The camps were justified, in British eyes, by the Mau Mau's butchering of 32 white settlers and African chiefs loyal to the crown early in the rebellion. The Mau Mau were dominated by the Kikuyu, the largest ethnic group in Kenya, and were largely driven by bitterness at the loss of land to the white settlers. But the struggle also divided the tribe, and the Mau Mau ultimately killed far more fellow Kikuyu than whites, with massacres such as the killing of 120 men, women and children at Lari in March 1953. In Britain the Mau Mau were portrayed as representing the re-emergence of a primitive bloodlust that the twin benefits of colonisation - Christianity and civilisation - were intended to eradicate. But the British soon proved they could be as brutal as their enemies.

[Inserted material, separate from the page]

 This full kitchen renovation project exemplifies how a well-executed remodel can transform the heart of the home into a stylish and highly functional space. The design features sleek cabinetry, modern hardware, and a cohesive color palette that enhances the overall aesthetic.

The Kenyan Human Rights Commission, which is backing the former prisoners' legal claim, says about 160,000 people were detained in dire conditions and that tens of thousands were tortured to get them to renounce their oath to the Mau Mau. Britain set up the camps in response to the brutal killings of white settlers, including women and children. After the emergency was lifted in 1961, an official report determined that 32 whites had been killed by the insurgency while more than 11,000 Africans died, many of them civilians. Others put the death toll much higher. Lawyers for the claimants are likely to call as a witness a US academic, Caroline Elkins, whose acclaimed book, Britain's Gulag, estimates that up to 100,000 Kenyans died of torture, abuse and neglect in the British camps. The British authorities also hanged hundreds of Mau Mau members for offences other than killing, such as illegal possession of arms or associating with people illegally carrying weapons.

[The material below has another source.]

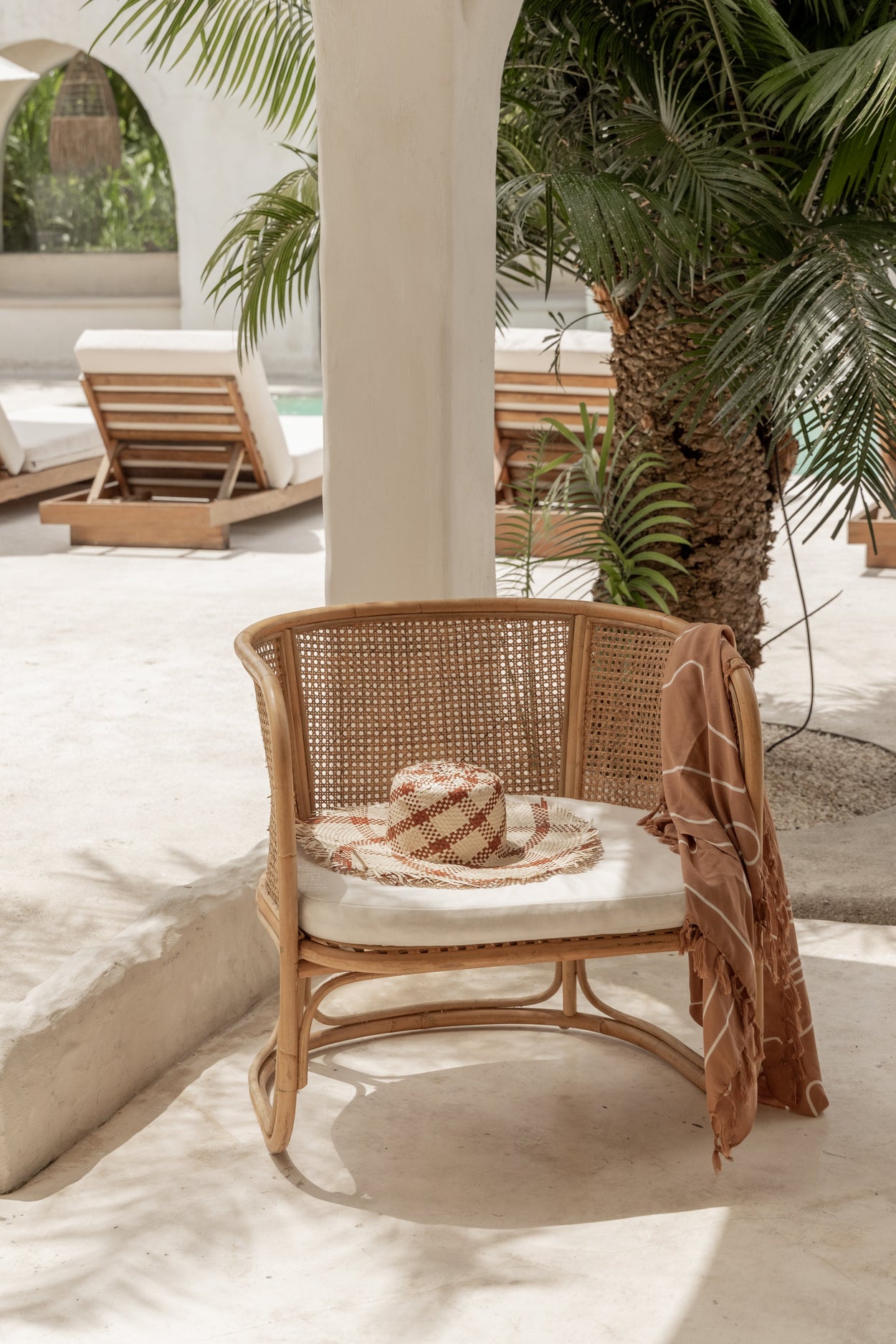 Keep the sun off your face and out of your eyes with our hand woven sun hat featuring an elegant plaid pattern and playful, frayed edge. Each hat is artisan crafted from natural materials in Bali, Indonesia.

In Britain and Europe, the legacies of enslavement and colonialism continue not only from the wealth gained from resources from Africa through 'neo-colonialism', but also by 'neo-slavery' right in European soil, by the detention of asylum seekers and migrants, as well as exorbitant visa extension fees for short-term migrants such as students and foreign workers. Multinational corporations are making lucrative profits for their shareholders, while the UK taxpayer for example pays for the costs of depriving the asylum seeker and migrant of their fundamental freedom. It costs £1,230 per detainee per week in detention excluding overheads such as failed removals, medical care, transfer and escorting costs and cancelled flights.

The British colonial legacy has also left bitter struggle among nationals, by the part played in suppressing the Mau Mau by some Kenyans who went on to hold senior posts in government (many still in powerful positions in government and business). This has left fertile ground for organisations like Mungiki to flourish - some of the ideology stems from the Mau Mau - as an organised collective against those in power who perhaps maintain some of the old colonial, imperialist, attitudes. It is just sad that they have to incorporate violence into the movement and thus attract more violence from the security forces, creating a vicious circle!